Solvent viscosity and protein dynamics.


Proteins are dynamic systems. Recent evidence demonstrates that they exist in a large number of conformational substates and can continuously move from one substate to another; motion of a small ligand inside a protein may be possible only through these conformational fluctuations. To test this idea, we study with flash photolysis the binding of CO to protoheme and O2 and CO to myoglobin in many different solvents. The standard evaluation of such experiments yields information only about the protein-solvent system. A novel approach is presented which permits conclusions concerning the protein: Data from all solvents are considered together, and the rates for transitions of the ligand over various barriers are studied as a function of temperature for fixed solvent viscosities. Results show that over a wide range in viscosity the transition rates in heme-CO are inversely proportional to the solvent viscosity and can consequently be described by the Kramers equation. The rates of O2 and CO in myoglobin also depend on the solvent viscosity and are most sensitive to the solvent at the lowest viscosity.

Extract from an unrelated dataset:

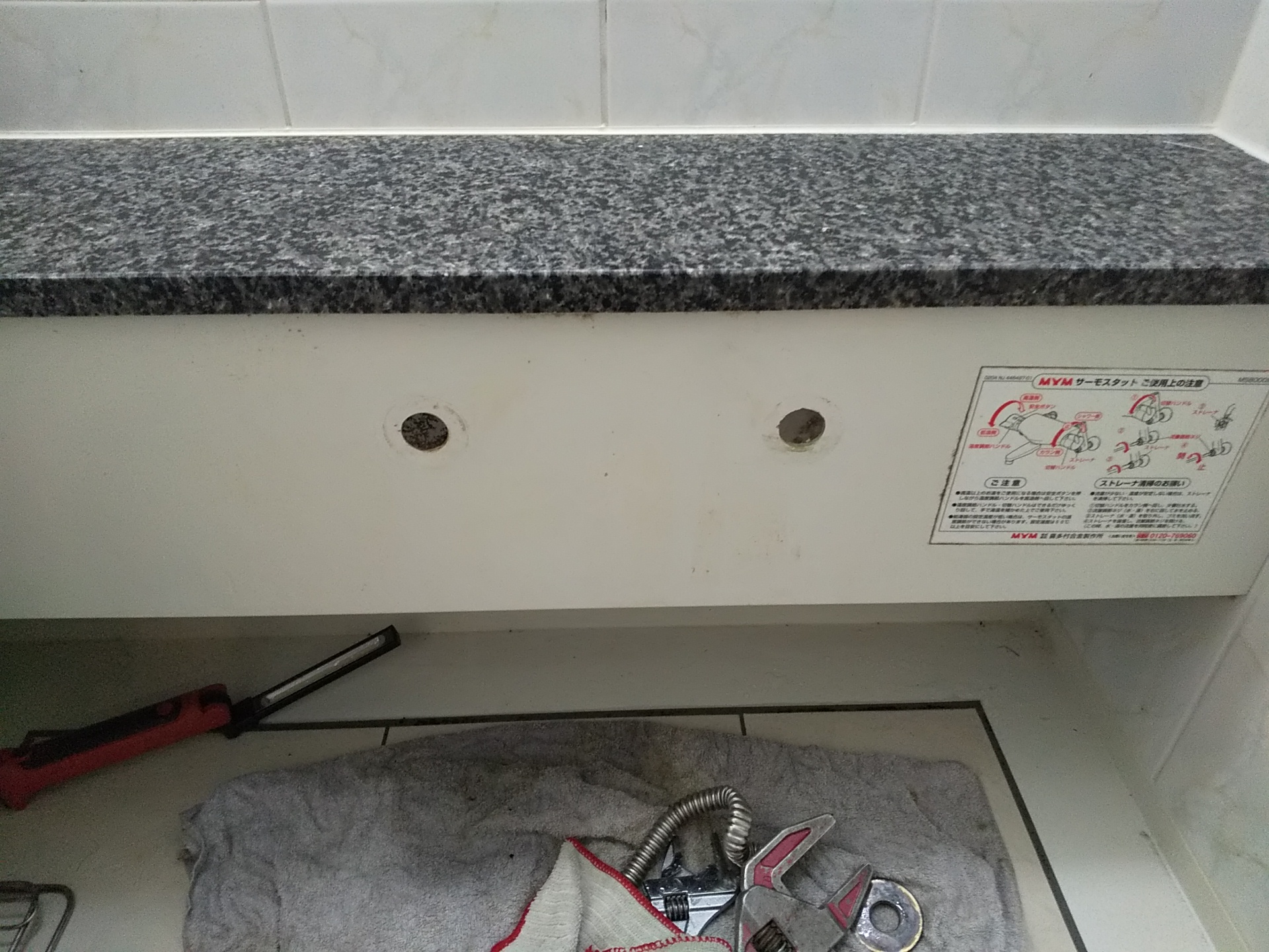 浴室・洗面ともに既存の水栓を撤去し、新しい水栓へ交換を行いました。

Viscosity influences protein reactions even in aqueous solutions. The data dan be interpreted by a dynamic model in which transitions into and inside myoglobin are governed by fluctuations between conformational substates corresponding to closed and open pathways. Ligand motion thus is mainly controlled by gates and not by static potential barriers. Some characteristic parameters for the substates are determined, and they agree approximately with similar parameters found in Mössbauer experiments. As expected, the barrier parameters evaluated in the novel approach deviate markedly from the ones obtained by the conventional procedure. Comparison with model calculations or basic theories will be meaningful only with the new evaluation, and the method may be essential for many or possibly all biochemical reactions.